Note:- the configmap will be mounted as a volume to the CSI (provisioner and node plugin) pods.

The above configmap will get created as it is or updated (if new Pools are created on the existing cluster) with new entries when the admin choose to failover/failback the cluster.

Whenever Ceph-CSI receives a CSI/Replication request it will first decode the volumeHandle and try to get the required OMAP details. If it is not able to retrieve the poolID or clusterID details from the decoded volumeHandle, Ceph-CSI will check for the clusterID and PoolID mapping.

If the old volumeID 0001-00013-site1-storage-0000000000000001-b0285c97-a0ce-11eb-8c66-0242ac110002 contains the site1-storage as the clusterID, now Ceph-CSI will look for the corresponding clusterID site2-storage from the above configmap. If the clusterID mapping is found now Ceph-CSI will look for the poolID mapping ie mapping between 1 and 2.

Example:- pool with the same name exists on both the clusters with different IDs Replicapool with ID 1 on site1 and Replicapool with ID 2 on site2.

After getting the required mapping Ceph-CSI has the required information to get more details from the rados OMAP. If we have multiple clusterID mapping it will loop through all the mapping and checks the corresponding pool to get the OMAP data. If the clusterID mapping does not exist Ceph-CSI will return a Not Found error message to the caller.

After failover to the cluster site2-storage, the admin might have created new PVCs on the primary cluster site2-storage. Later after recovering the cluster site1-storage, the admin might choose to failback from site2-storage to site1-storage. Now admin needs to copy all the newly created kubernetes artifacts to the failback cluster. For clusterID mapping, the admin needs to copy the above-created configmap ceph-clusterid-mapping to the failback cluster.

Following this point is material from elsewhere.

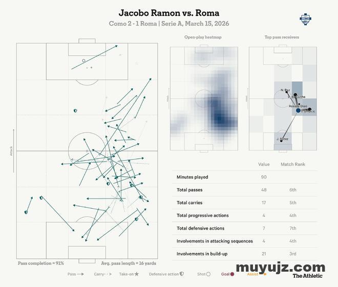 在对阵罗马的上半场,法布雷加斯希望他的中卫哈科沃-拉蒙把他的盯防对象斯蒂芬-埃尔沙拉维带到他不想去的位置。拉蒙移动到中场。他也曾上提到右路高位。这造成的混乱让科莫获得了优势。拉蒙在高位赢得了二次球权和对抗。他还作为多出来的一个人参与进攻。“今天管用的明天可能就不管用了,”法布雷加斯坦言。但对罗马,它管用了。

When Ceph-CSI receives a CSI/Replication request for the volumes created on the site2-storage it will decode the volumeID and retrieves the clusterID ie site2-storage. In the above configmap ceph-clusterid-mapping the site2-storage is the value and site1-storage is the key in the clusterIDMapping entry.

Ceph-CSI will check both key and value to check the clusterID mapping. If it is found in key it will consider value as the corresponding mapping, if it is found in value place it will treat key as the corresponding mapping and retrieves all the poolID details of the cluster.

This mapping on the remote cluster is only required when we are doing a failover operation from the primary cluster to a remote cluster. The existing volumes that are created on the remote cluster does not require any mapping as the volumeHandle already contains the required information about the local cluster ( clusterID, poolID etc).

Note:- To use a mirrored and promoted RBD image on a secondary site during a failover, you need to replace the primary monitor addresses with the IP addresses of the secondary cluster in the ceph-csi-config. Otherwise, Ceph-CSI won't be able to use the volumes, and application pods will become stuck in the ContainerCreating state. Thus, during failover, both clusters will have the same monitor IP addresses.